YOUR TASK: In the records below, find the line containing "An elegant suede", then copy that line and all lines after it, exactly, omitting every picture.

INFORMATION:
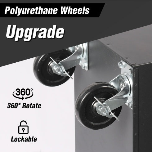 - Easy to Move: Our rolling tool box has 4 steering wheels, 2 of which with parking brakes, so you can move the trolley freely in the garage, but also stop in one place. The tool cabinet with 360° flexible and sturdy universal wheels, rolling tool chest cart are padded and smooth ball-bearing drawer slides to reduce slip during movement, protecting tools and reducing noise
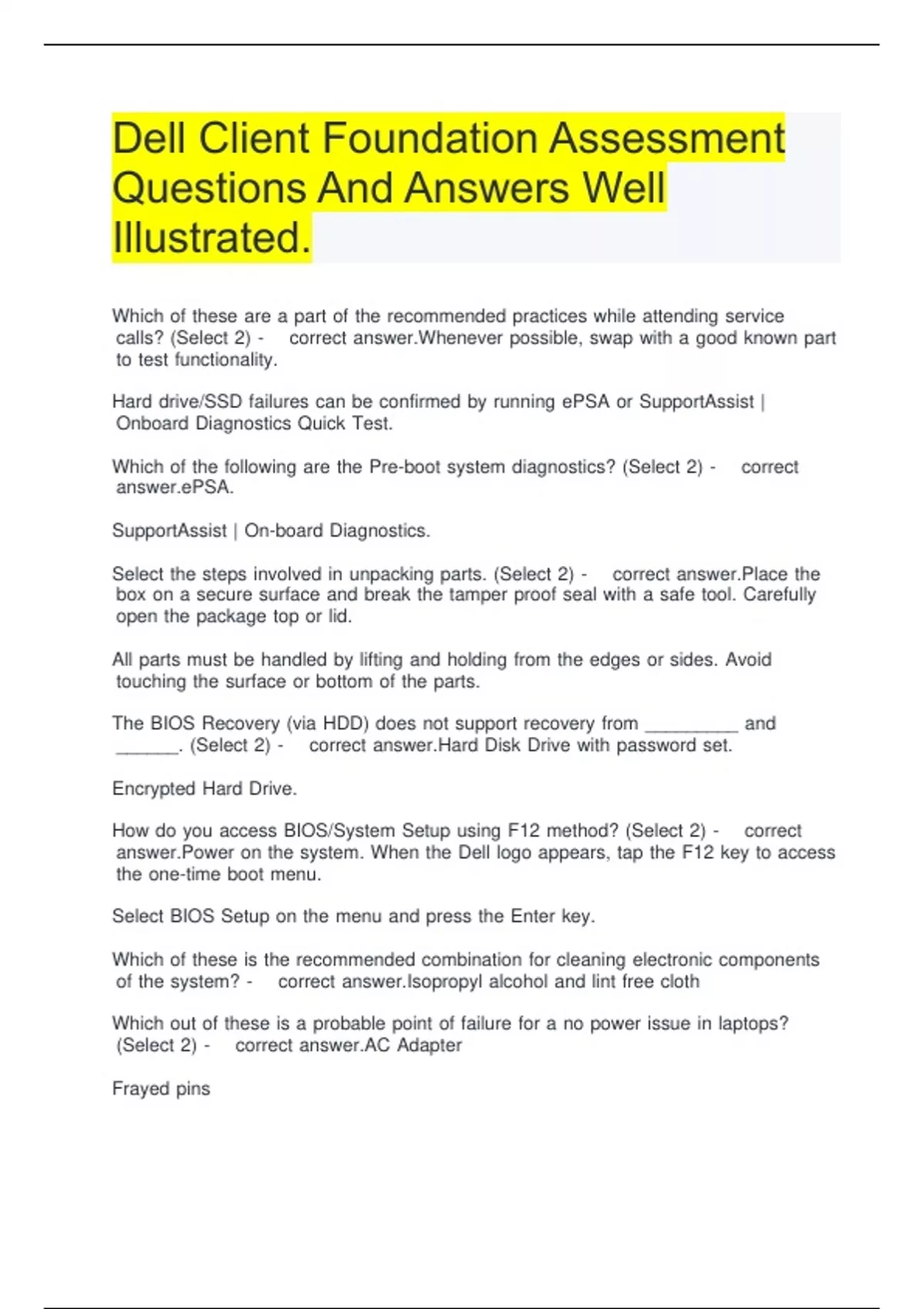 Dell Client Foundations Study Guide Questions And Answers Latest.
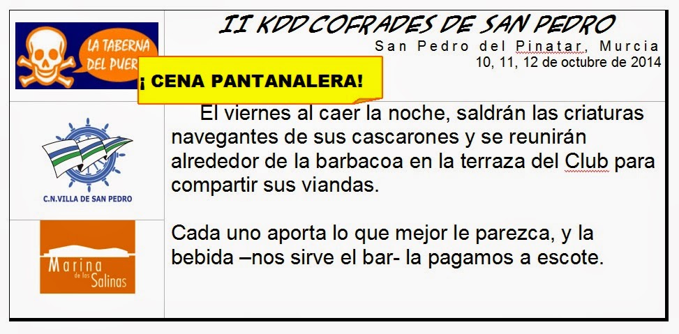 Sres organizadores, apunten dos personas para el sábado (solo comida), de momento iremos sin barco porque al dia siguiente toca cocinar caldero en Los Alcazares. Amablemente nos ha ofrecido su hospitalidad el cofrade "Amospallá" en el Ponce de Leon. |
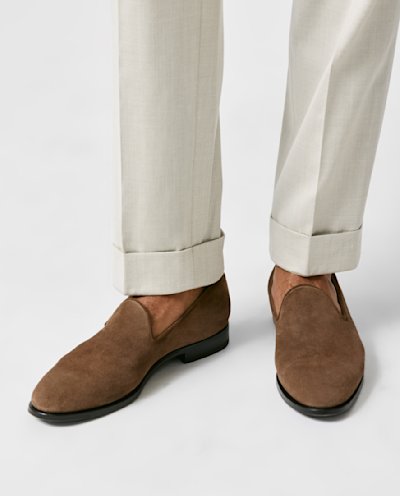 An elegant suede loafer in chocolate brown. Handmade from a flexible chrome-tanned calfskin leather, this light suede features a short nap for a touch of softness. Designed here as a plain toe loafer. Make these shoes your own with our many customization options to choose from.
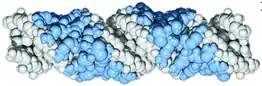 {{cite journal}}: CS1 maint: unflagged free DOI (link) - ↑ Warrant RW, Kim SH (January 1978). "alpha-Helix-double helix interaction shown in the structure of a protamine-transfer RNA complex and a nucleoprotamine model". Nature. 271 (5641): 130–5. doi:10.1038/271130a0. PMID 622153. S2CID 4172929.
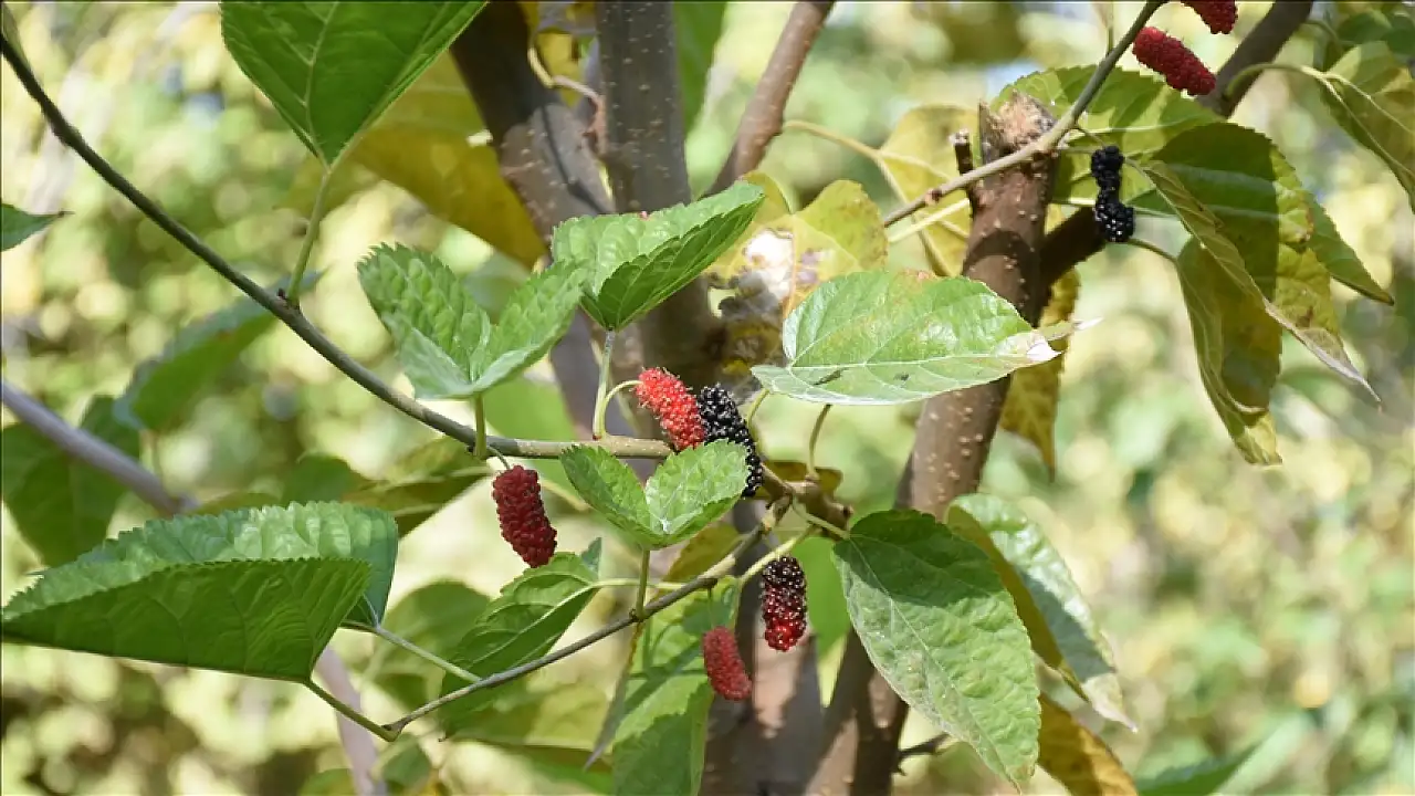 Dut ağacı sonbaharda meyve verdi
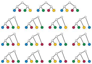 MAKE A MEME View Large Image Unordered binary trees with 4 leaves.svg rooted binary trees with unordered children on a set of four labeled leaves 2013-03-17 13 36 11 own David Eppstein cc-zero Uploaded with UploadWizard Tree structures Color in mathematics
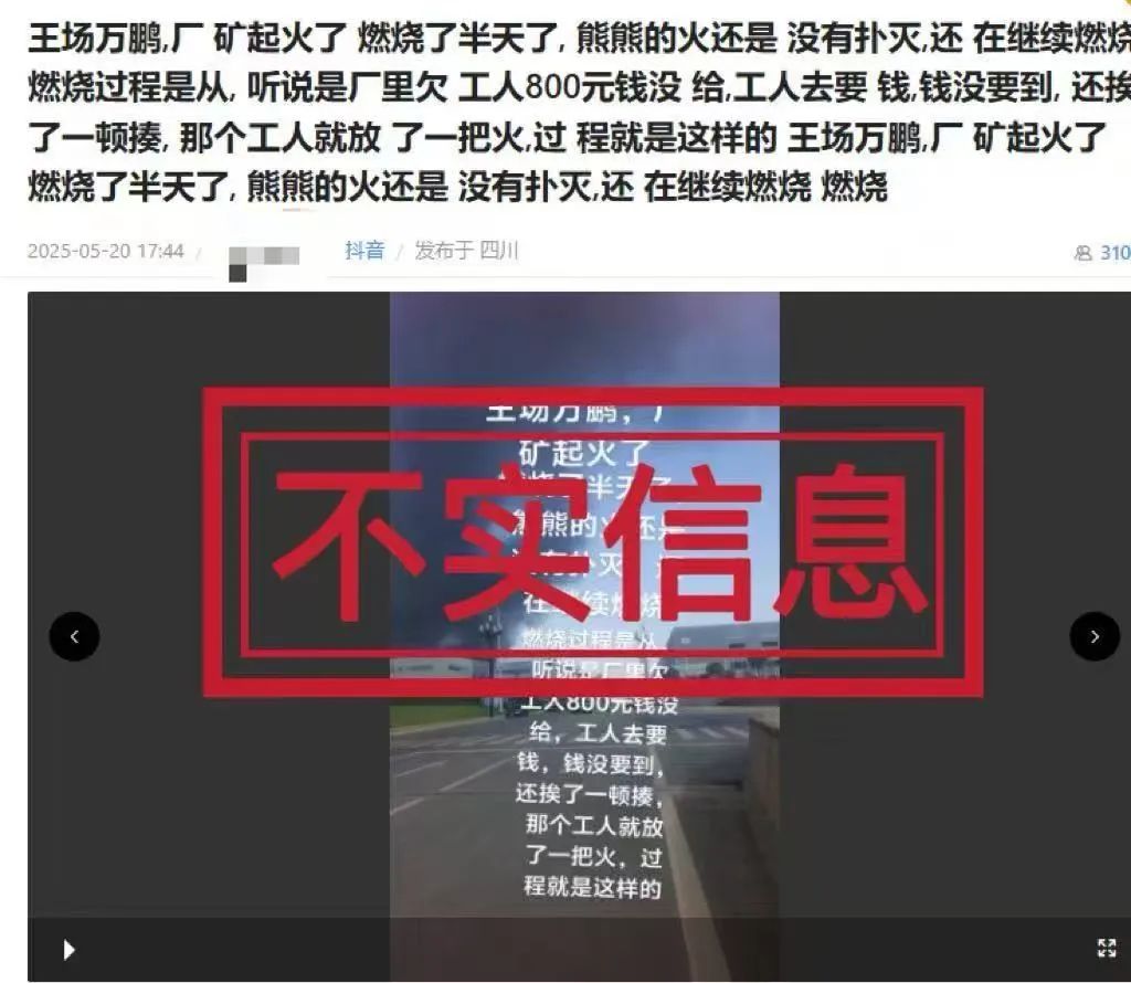 2025年5月22日,翠屏區網民何某某(女,48歲)在短視頻網絡平台發佈一張廠房起火圖片並配文稱:“四川屏山一紡織廠員工因老闆扣了800元工資,一怒之下放火把整個廠點燃。有人説他是英雄,他點燃自己照亮底層打工者”,引發網民關注和議論。經核查,何某某為吸引流量、博人眼球,編造了“因800元工資放火點燃工廠”的謠言信息,造成不良社會影響。何某某對其違法行為供認不諱,屏山縣公安局已依法對何某某處以300元罰款。

ANSWER TO THIS PROBLEM:
 An elegant suede loafer in chocolate brown. Handmade from a flexible chrome-tanned calfskin leather, this light suede features a short nap for a touch of softness. Designed here as a plain toe loafer. Make these shoes your own with our many customization options to choose from.
 {{cite journal}}: CS1 maint: unflagged free DOI (link) - ↑ Warrant RW, Kim SH (January 1978). "alpha-Helix-double helix interaction shown in the structure of a protamine-transfer RNA complex and a nucleoprotamine model". Nature. 271 (5641): 130–5. doi:10.1038/271130a0. PMID 622153. S2CID 4172929.
 Dut ağacı sonbaharda meyve verdi
 MAKE A MEME View Large Image Unordered binary trees with 4 leaves.svg rooted binary trees with unordered children on a set of four labeled leaves 2013-03-17 13 36 11 own David Eppstein cc-zero Uploaded with UploadWizard Tree structures Color in mathematics
 2025年5月22日,翠屏區網民何某某(女,48歲)在短視頻網絡平台發佈一張廠房起火圖片並配文稱:“四川屏山一紡織廠員工因老闆扣了800元工資,一怒之下放火把整個廠點燃。有人説他是英雄,他點燃自己照亮底層打工者”,引發網民關注和議論。經核查,何某某為吸引流量、博人眼球,編造了“因800元工資放火點燃工廠”的謠言信息,造成不良社會影響。何某某對其違法行為供認不諱,屏山縣公安局已依法對何某某處以300元罰款。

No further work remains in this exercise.